Calderon toured damaged areas in Veracruz on the Gulf coast, where at least seven people were killed and about 10 more remained missing, according to authorities.

Karl forced the evacuation of oil rigs in the Gulf of Mexico and the shutdown of the country’s nuclear power plant, located just four kilometres from where the hurricane roared ashore.

Among the dead were two men whose car was swept away by a flash flood in a river, a woman and her two children who drowned in their own home, and two people whose bodies were found washed up on a beach in the port of Veracruz.

Landslides also killed two women in central Puebla state, while one woman died and eight people were injured when a mudslide swept away a house in the southern state of Oaxaca.

Authorities did not immediately say where the two other deaths occurred.

Calderon inspected the flooding in several villages in Veracruz, whose governor Fidel Herrera said 112 of the 274 municipalities in the state remained under water.

Herrera said at least half a million people in Veracruz were affected in varying degrees by the hurricane.

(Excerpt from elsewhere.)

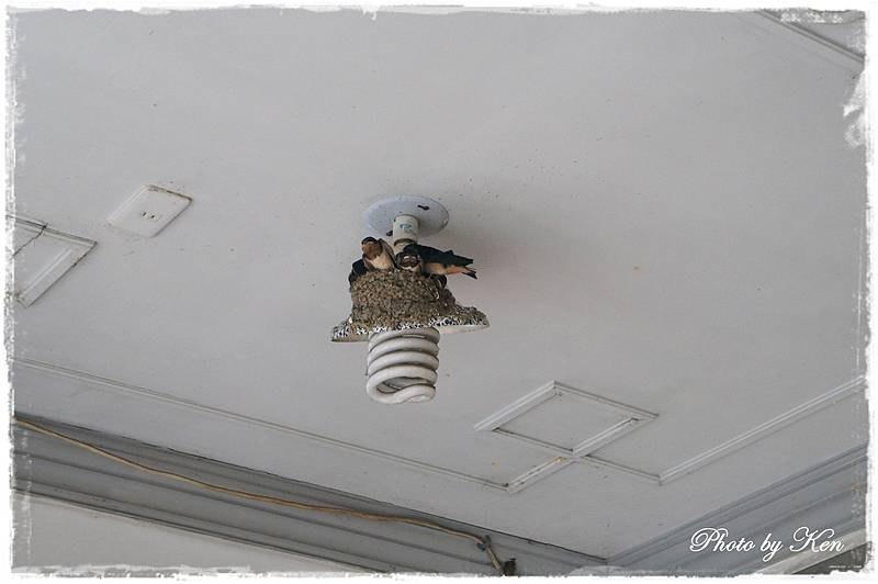 % }, u* X, N7 W6 k9 z" f6 K最近到處都看得到燕窩,不過這燕窩可厲害了,竟然蓋在燈罩上0 u# S9 [# i, {: G1 _

Some 40,000 people were evacuated to shelters.

Looting of small businesses was reported in communities near Veracruz, with authorities detaining 11 people and ordering in extra security personnel to try to maintain order.

Local media showed residents of many small towns making off with cases of beer, food and other goods apparently after snatching them from damaged stores.

Major flooding earlier this month across Mexico left 25 people dead.